Here the job is to transcribe the data verbatim while leaving each picture out.

═══ Data excerpt

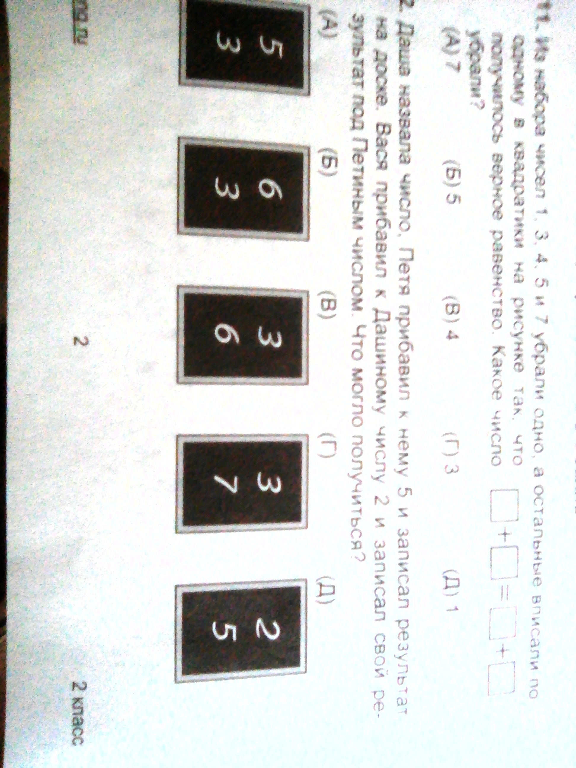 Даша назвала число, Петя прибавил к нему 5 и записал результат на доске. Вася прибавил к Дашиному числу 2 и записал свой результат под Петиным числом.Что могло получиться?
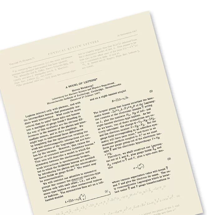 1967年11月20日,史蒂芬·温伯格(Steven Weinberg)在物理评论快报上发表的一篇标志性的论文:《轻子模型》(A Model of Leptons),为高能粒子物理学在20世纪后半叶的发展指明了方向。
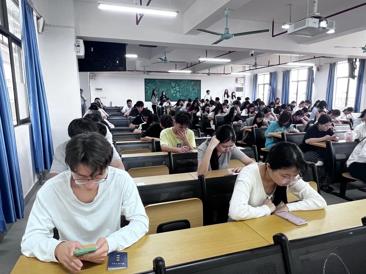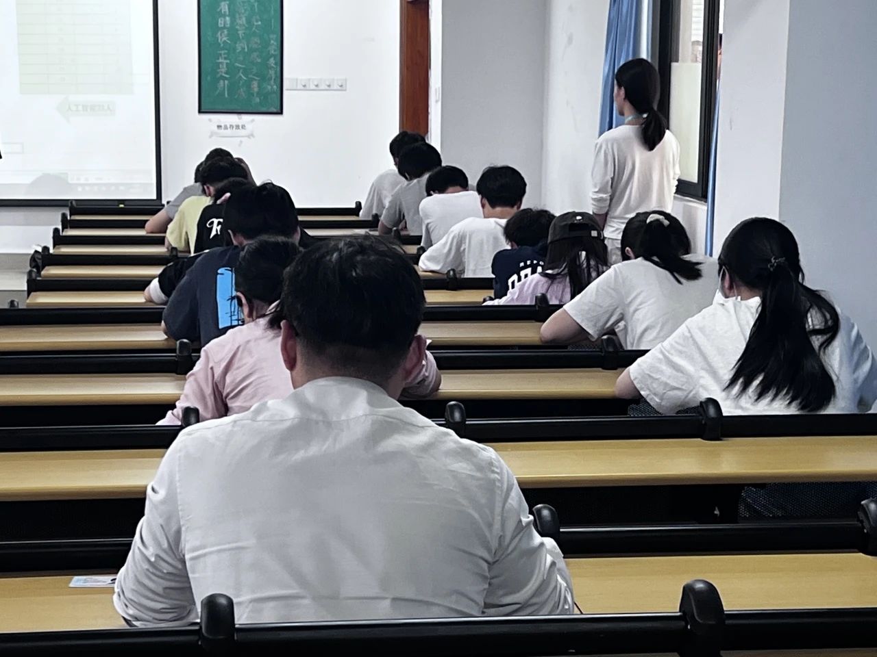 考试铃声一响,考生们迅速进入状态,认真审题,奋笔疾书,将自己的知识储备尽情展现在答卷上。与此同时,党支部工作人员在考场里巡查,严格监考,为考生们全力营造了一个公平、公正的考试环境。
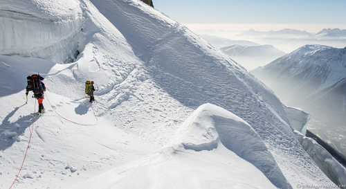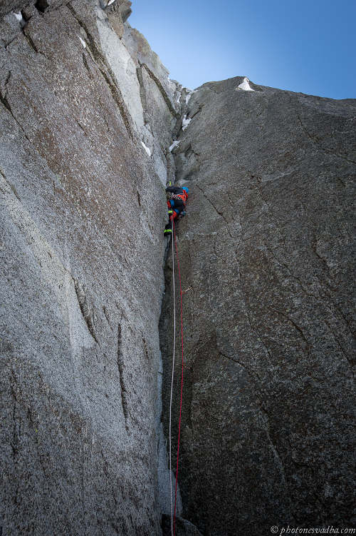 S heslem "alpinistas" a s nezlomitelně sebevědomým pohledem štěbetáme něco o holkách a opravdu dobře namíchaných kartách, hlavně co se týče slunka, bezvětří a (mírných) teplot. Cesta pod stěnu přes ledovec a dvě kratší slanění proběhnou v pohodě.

══════

▶ Answer box
 Даша назвала число, Петя прибавил к нему 5 и записал результат на доске. Вася прибавил к Дашиному числу 2 и записал свой результат под Петиным числом.Что могло получиться?
 1967年11月20日,史蒂芬·温伯格(Steven Weinberg)在物理评论快报上发表的一篇标志性的论文:《轻子模型》(A Model of Leptons),为高能粒子物理学在20世纪后半叶的发展指明了方向。
 考试铃声一响,考生们迅速进入状态,认真审题,奋笔疾书,将自己的知识储备尽情展现在答卷上。与此同时,党支部工作人员在考场里巡查,严格监考,为考生们全力营造了一个公平、公正的考试环境。
 S heslem "alpinistas" a s nezlomitelně sebevědomým pohledem štěbetáme něco o holkách a opravdu dobře namíchaných kartách, hlavně co se týče slunka, bezvětří a (mírných) teplot. Cesta pod stěnu přes ledovec a dvě kratší slanění proběhnou v pohodě.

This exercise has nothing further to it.